You will be using an excerpt of data from the Teenage Friends and Lifestyle Study.2 You can learn more about this data set, created by Prof. Snijders, here. The data set includes 3 network files containing friendship relationships between 50 teenage girls recorded at 3 consecutive points in time.
s50-network1.dat
s50-network2.dat
s50-network23.dat
The data also includes information about the smoking behavior of the 50 female students (s50-smoke.dat). The smoking variable has three levels: 1 (does not smoke), 2 (smokes occasionally) and 3 (smokes regularly).
The core analysis conducted in this lab consists of taking a set of intuitive or plain language hypotheses about our data set and converting them into hypotheses in network terminology. Once we have our hypotheses, we will operationalize them into parameters in our model. Finally, we will interpret these results by testing our hypotheses.
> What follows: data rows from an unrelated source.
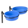 A plastic groundbait bowl with a rigid hoop fitted for attaching to a seatbox or platform legs.
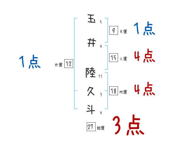 玉井陸久斗さんの画数の鑑定結果
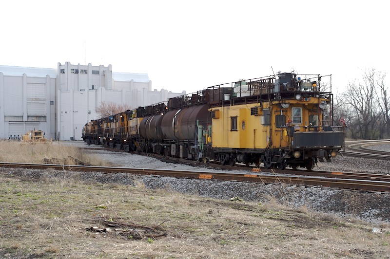 Acting on a tip I got from another railfan, I found this Loram rail grinder train parked on an industrial lead near the intersection of 1st and Sycamore in Terre Haute on March 19, 2006.
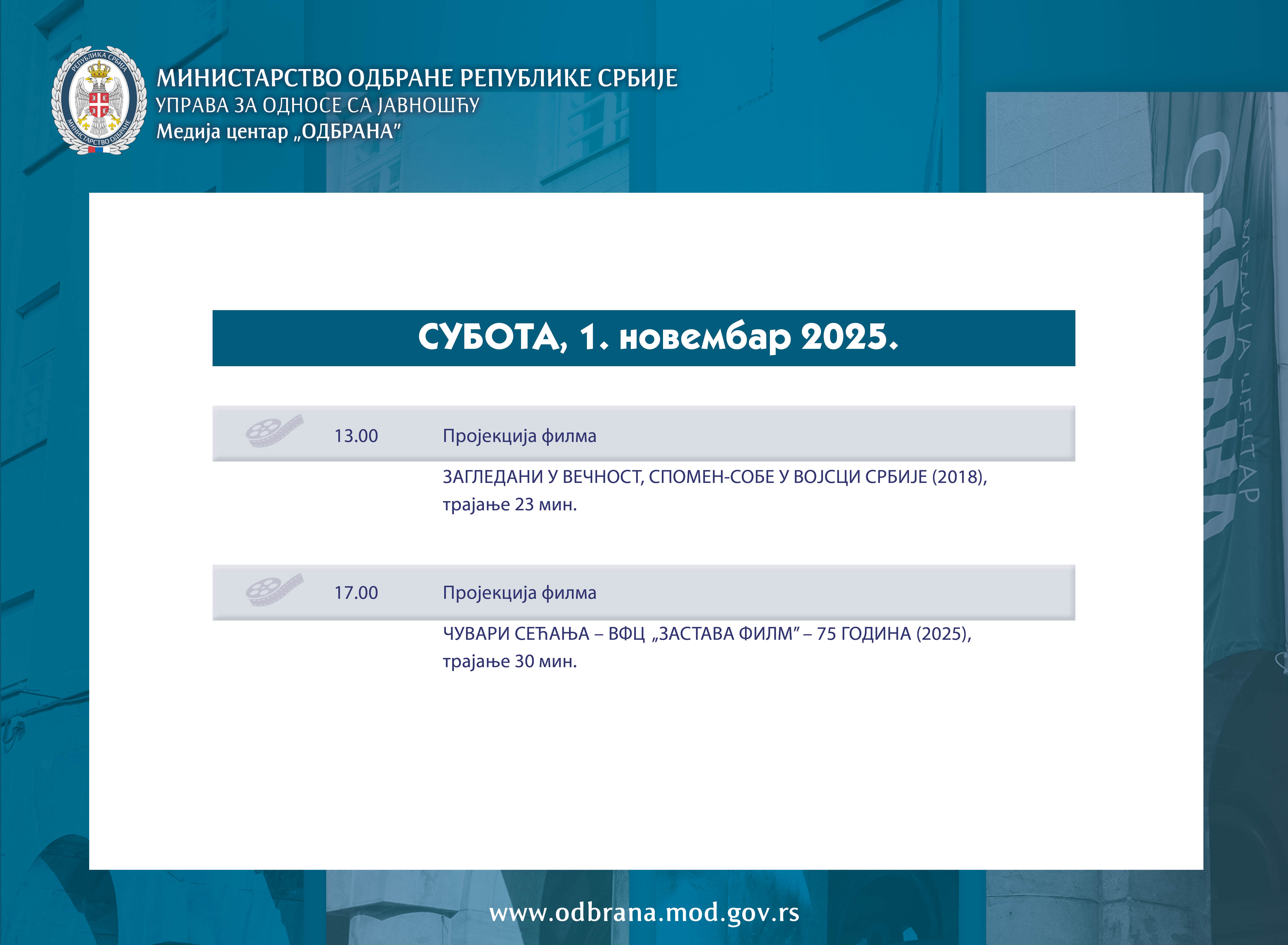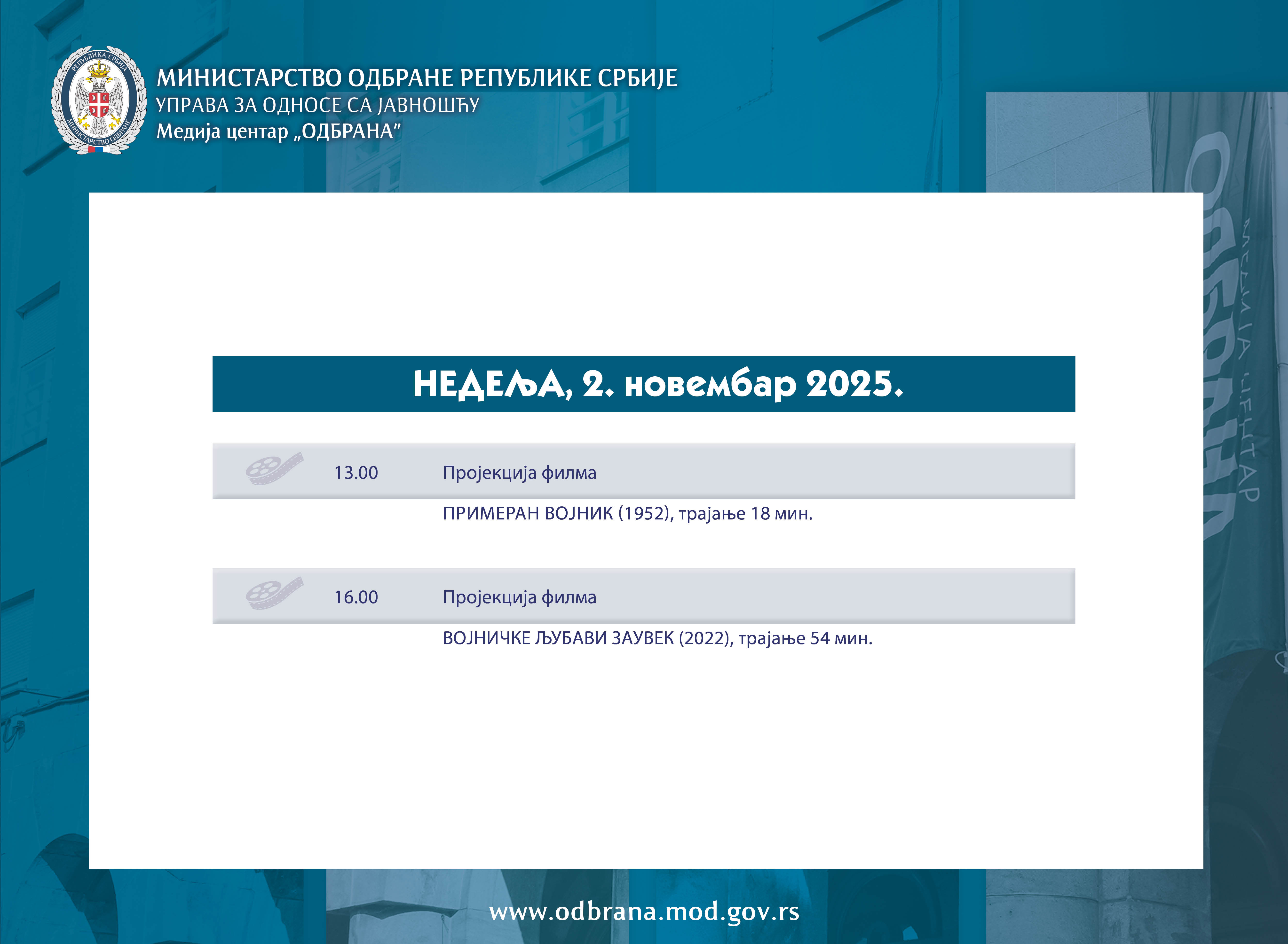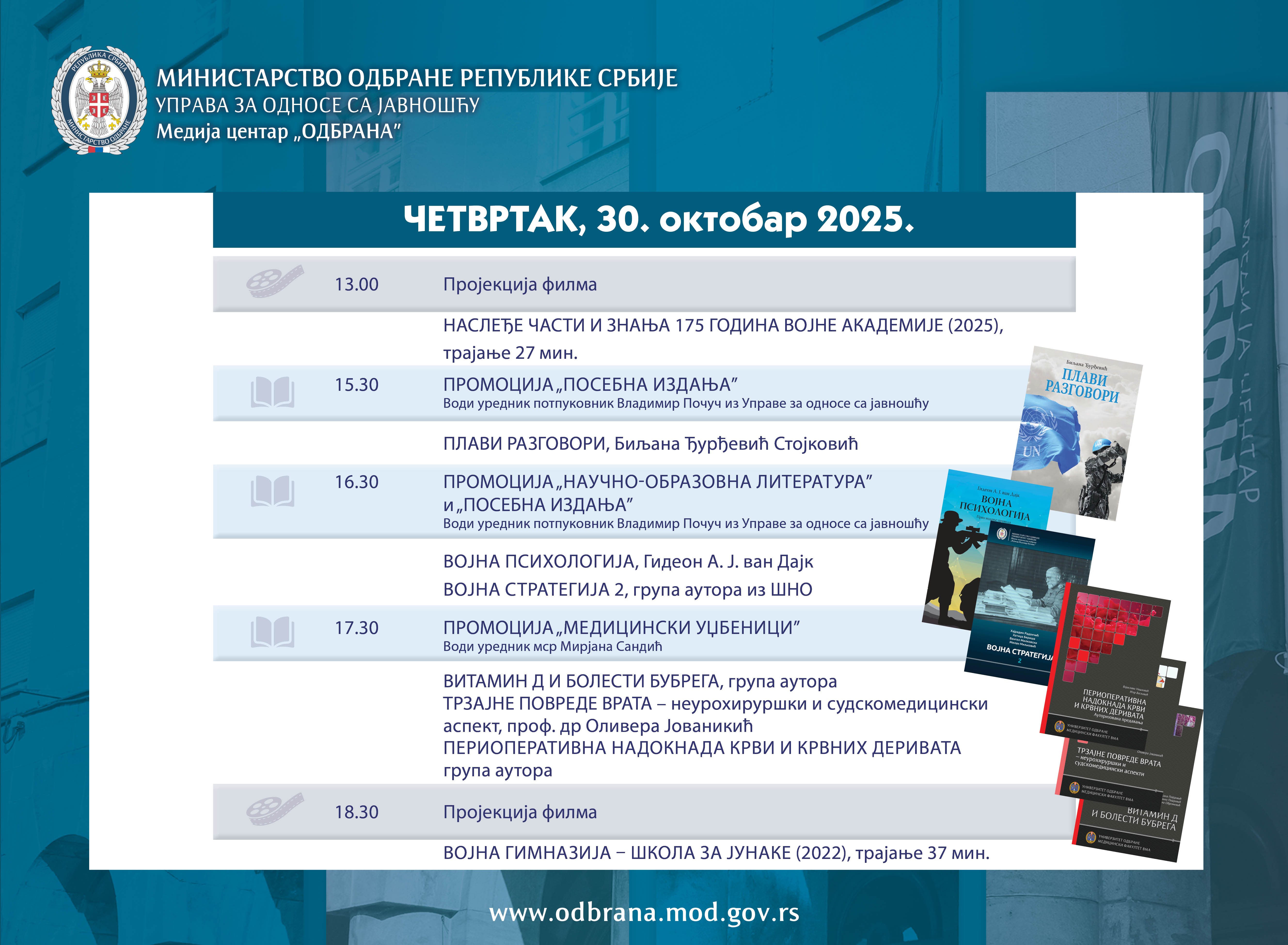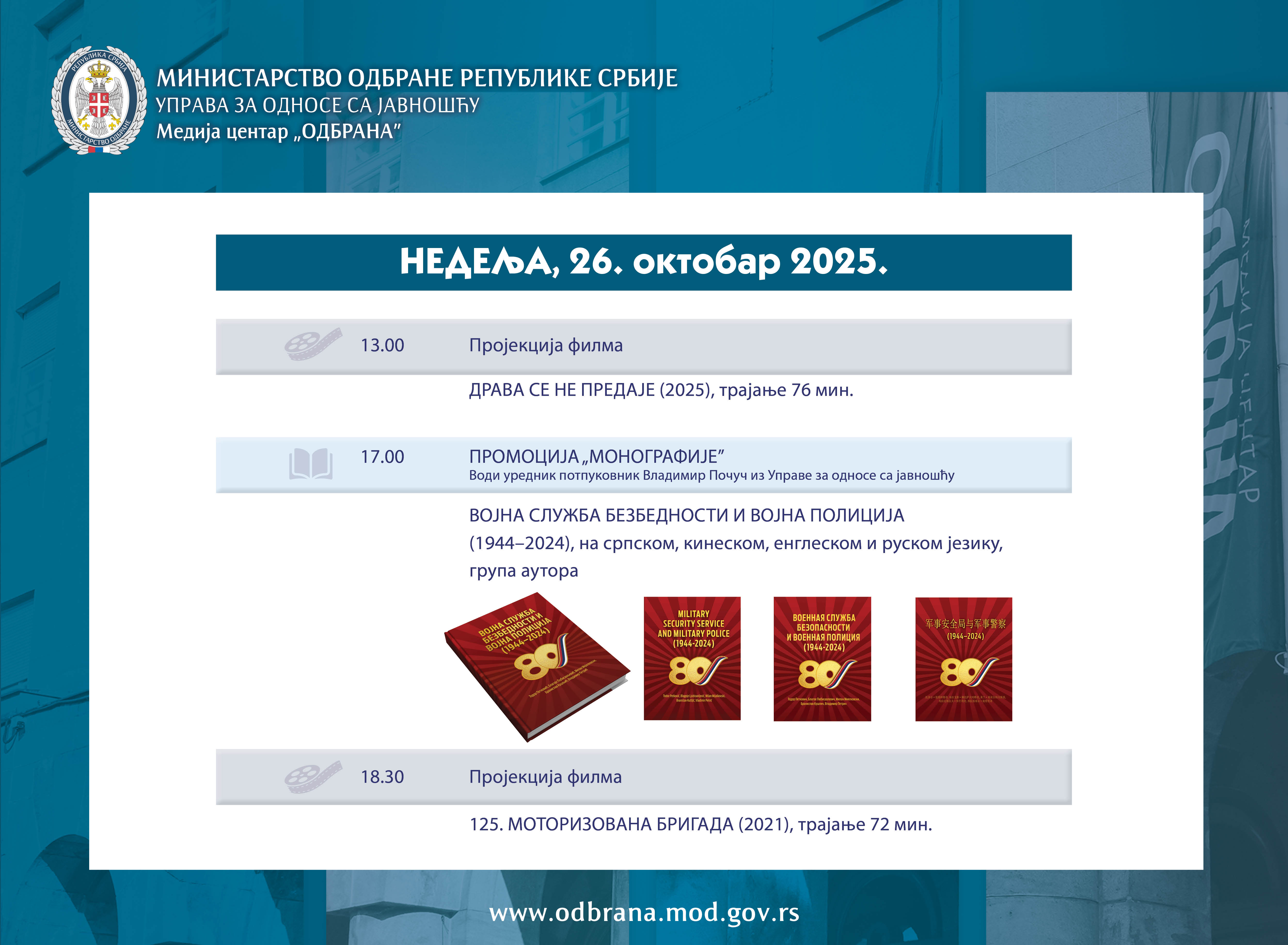 ВестиНајавеСаопштења Међународна војна сарадњаКонкурсиАрхиваФотоархиваВидеоархиваЈавна расправа 24.10.2025.Хроника Сајма књига 2025. године ВестиНајавеСаопштења Међународна војна сарадњаКонкурсиАрхиваФотоархиваВидеоархиваЈавна расправа
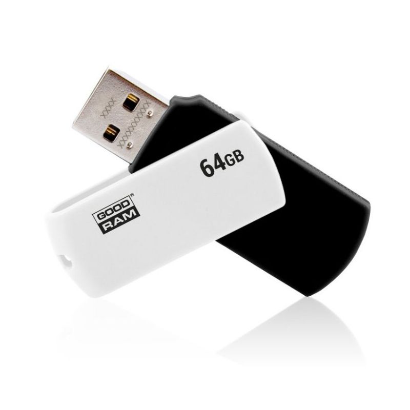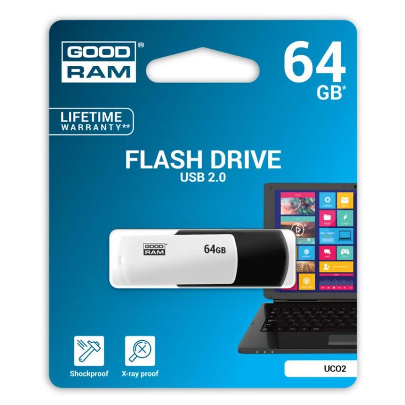 Descripción Goodram UCO2. Capacidad: 64 GB, Interfaz del dispositivo: USB tipo A, Versión USB: 2.0, Velocidad de lectura: 20 MB/s, Velocidad de escritura: 5 MB/s. Factor de forma: Girar. Peso: 8 g. Color del producto: Negro, Blanco
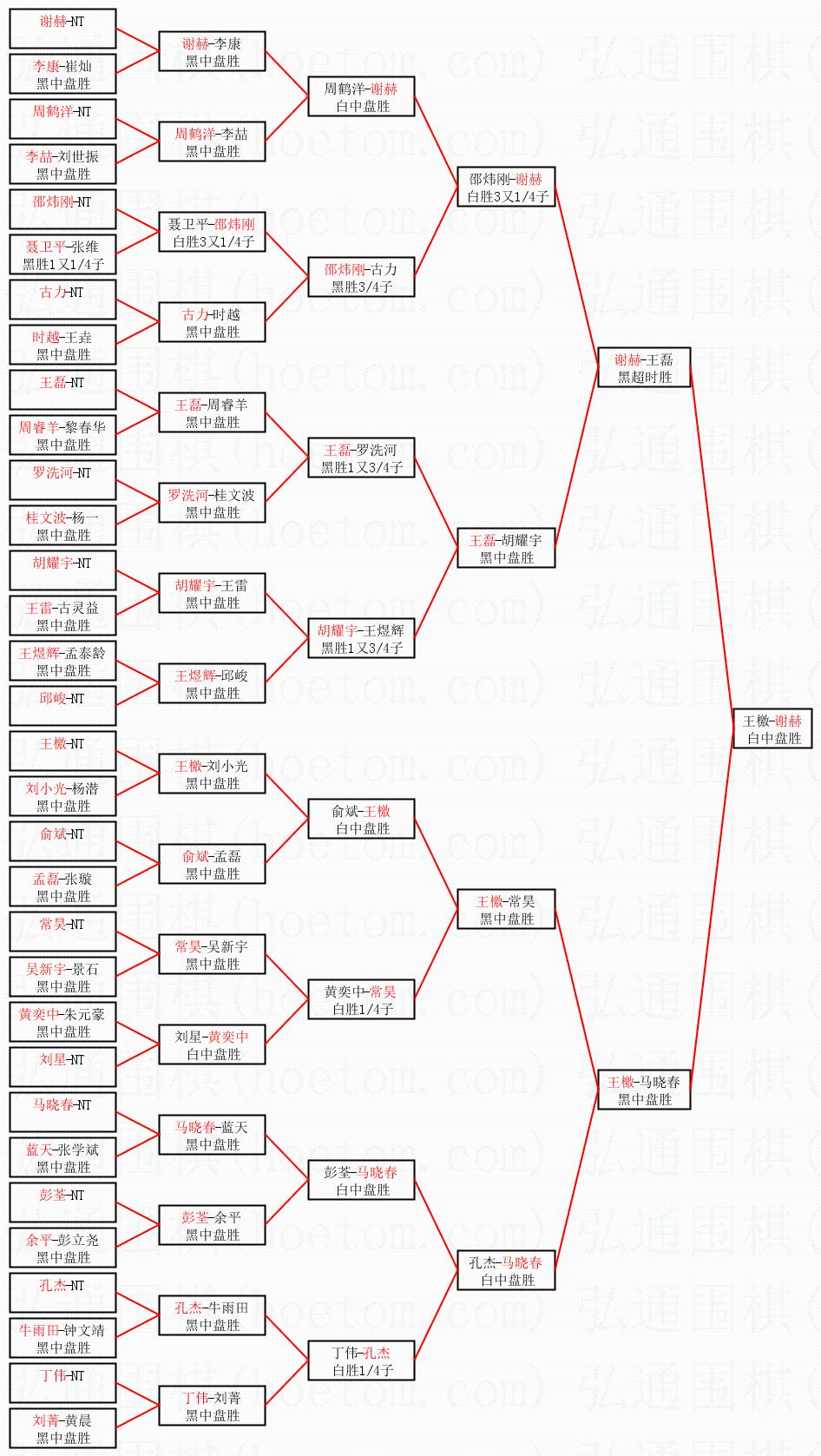 1.谢赫获得冠军,王檄获得亚军。决赛比分:谢赫1:0王檄。棋局:
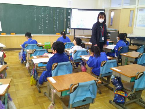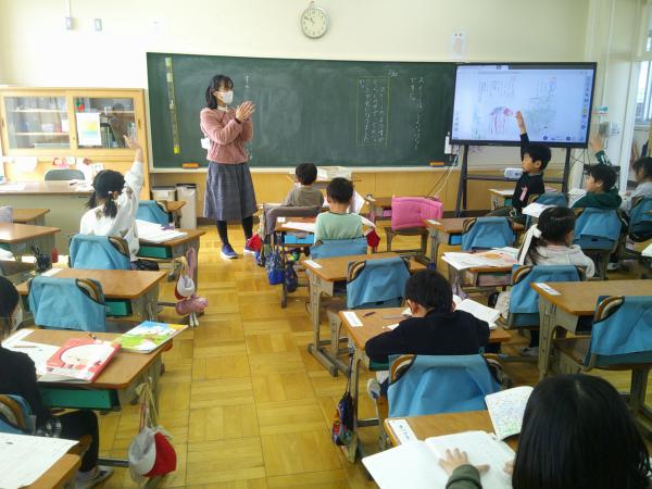 1年生の授業の様子です。1組も2組も国語のスイミーの学習でした。
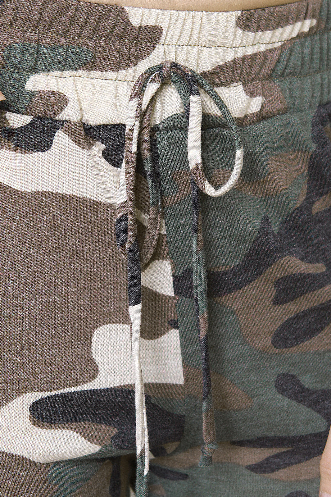 These jogger pants feature a jersey knit fabric, elasticized waist with faux drawstring, camouflage pattern throughout, and cuffed hemline. Accessories sold separately. 95% Rayon, 5% Spandex.
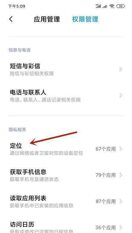 找到定位权限:在权限管理列表中,向下滑动屏幕,找到并点击定位选项。
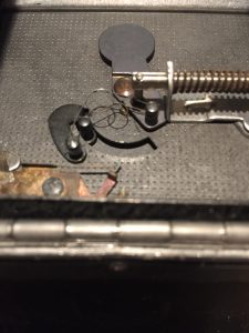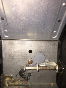 Removing the inside shield exposed the shutter mechanism. This is when I realized that the flash unit saved me the effort of rigging a switch – there was already a switch in place for the flash attachment (lower left side of the body, looking in from the back)
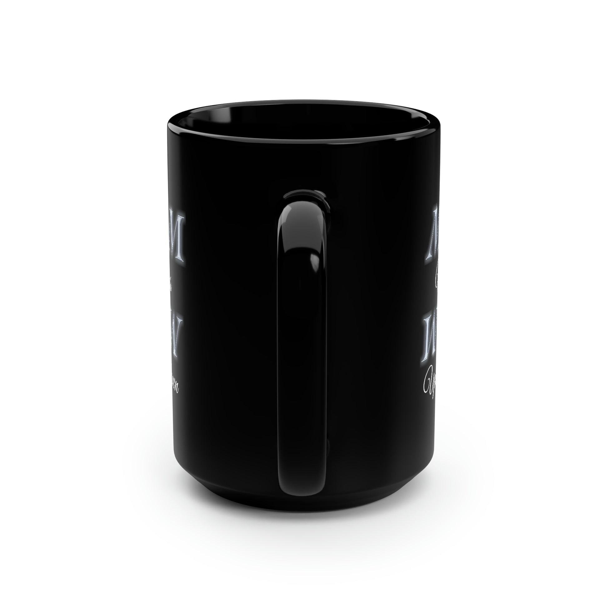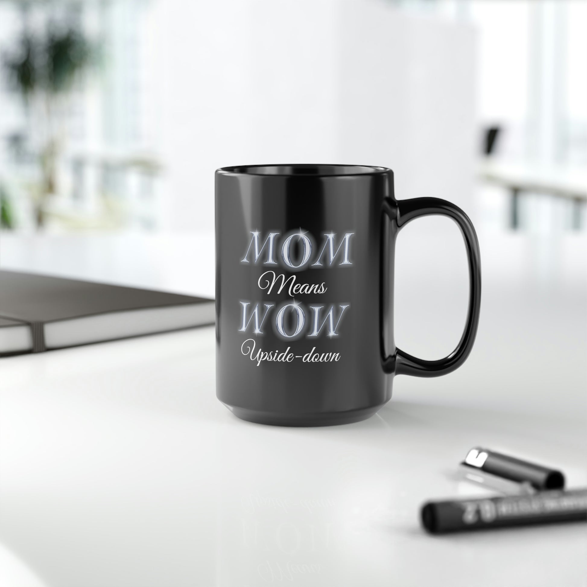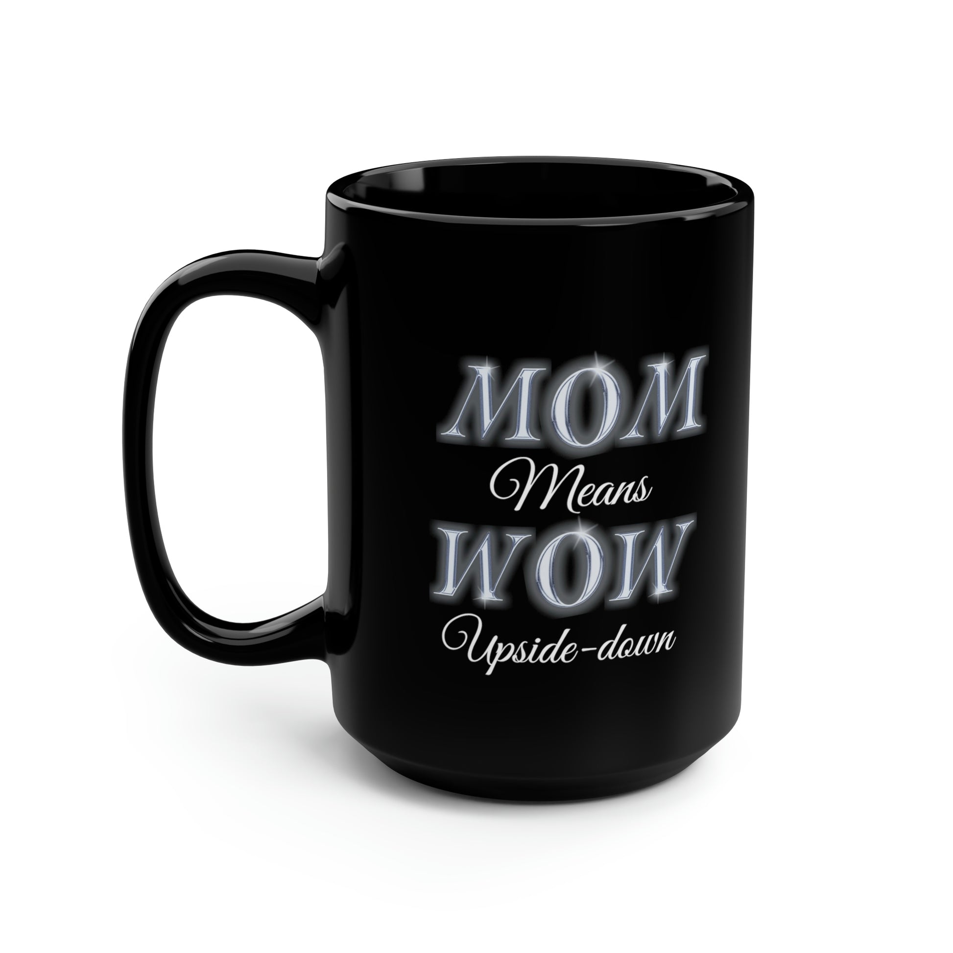Mom Means Wow Upside Down, Black Mug, 15oz, Mothers Day Gift Idea
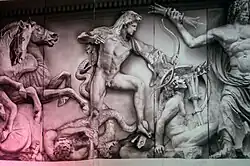 | «Битва Зевса с Порфирионом»: Зевс ведёт борьбу одновременно с тремя противниками. Поразив одного из них, он готовится метнуть свою молнию в предводителя врагов — змееголового исполина Порфириона. | ||

First, we will create testable hypotheses based on intuitions about habit and friendship formation.
Formulate hypotheses using network terminology discussed throughout the course based on the following friendship relations.3 If you get stuck, it may be helpful to look at the terms included in the model below for hints on how to translate plain-language intuitions into network terminology. The first one is done for you:
Hypothesis 1: Ties between students are not random.
Relational Hypotheses:
Hypothesis 2: The friendship tie will be said to be reciprocal in this case.
Hypothesis 3: This would point to a transitive friendship network.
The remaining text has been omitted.